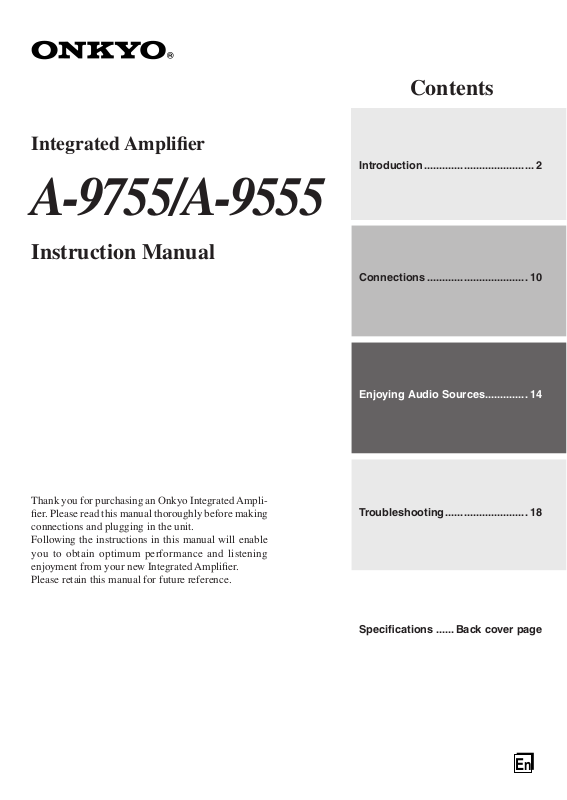 Thank you for purchasing an Onkyo Integrated Amplifier. Please read this manual thoroughly before making
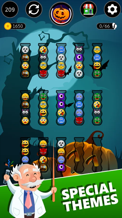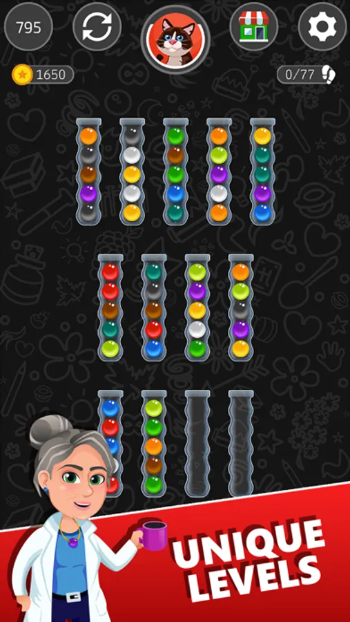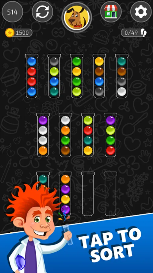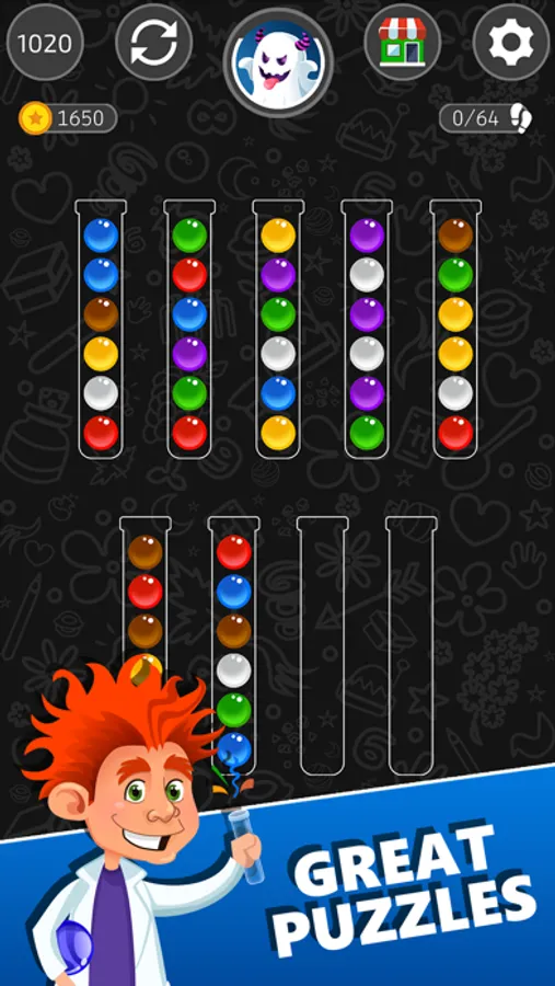 Click the shopping cart and tailor your profile to suit you. You can customize anything you want. Choose between the great variety of theme colors, shapes of tubes, or the color of your sorting balls. Don’t forget to pick your own favorite avatar!
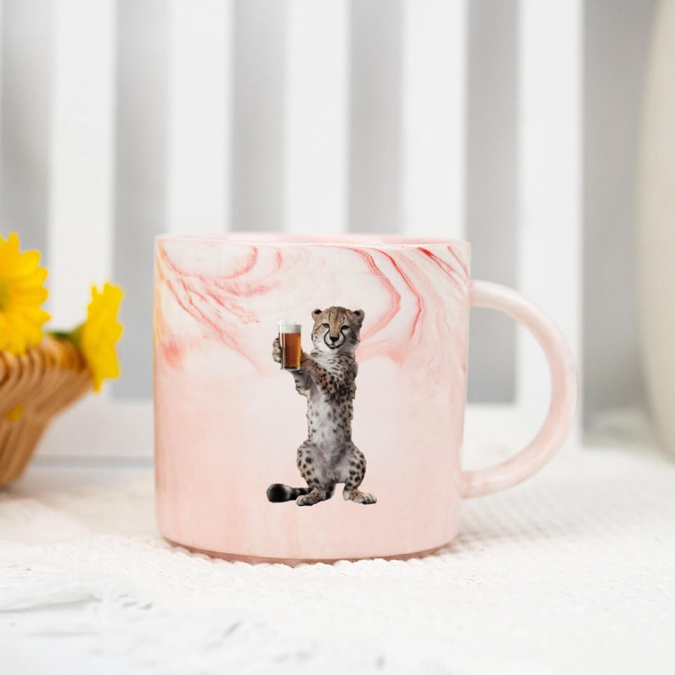 You are shopping for a stunning and trendy product Cheetah Drinking Beer Realistic Marble Mugs For Pink belong theme Marble Mugs at Printblur
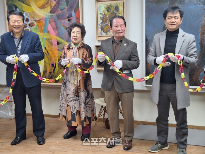 행사는 기념 테이프 커팅식으로 막을 올렸다. 참석자들은 손욱 작가의 수상을 축하하며 전시의 시작을 알렸고, 이어 건배사와 함께 작가의 작품 세계를 공유하는 시간을 가졌다. 이후 손욱 작가가 직접 주요 작품에 대한 설명을 진행해 참석자들의 이해를 도왔다. 행사는 다과회를 끝으로 화기애애한 분위기 속에서 마무리됐다.
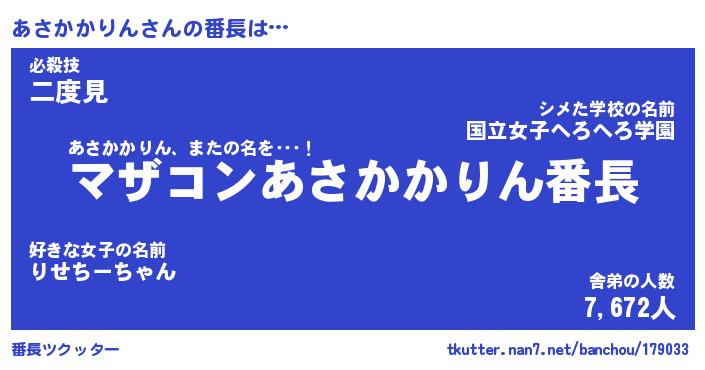 | ヒーロー風カッコイイあだ名 | 『スーパーアサカカリン』『炎刃騎士アサ』 |

- _What to produce_:
Only exact repeats of the lines from the one containing "행사는 기념 테이프 커팅식으로" through the end of the listing above are wanted here; pictures are not.

- _Solution to this problem_:
 행사는 기념 테이프 커팅식으로 막을 올렸다. 참석자들은 손욱 작가의 수상을 축하하며 전시의 시작을 알렸고, 이어 건배사와 함께 작가의 작품 세계를 공유하는 시간을 가졌다. 이후 손욱 작가가 직접 주요 작품에 대한 설명을 진행해 참석자들의 이해를 도왔다. 행사는 다과회를 끝으로 화기애애한 분위기 속에서 마무리됐다.
 | ヒーロー風カッコイイあだ名 | 『スーパーアサカカリン』『炎刃騎士アサ』 |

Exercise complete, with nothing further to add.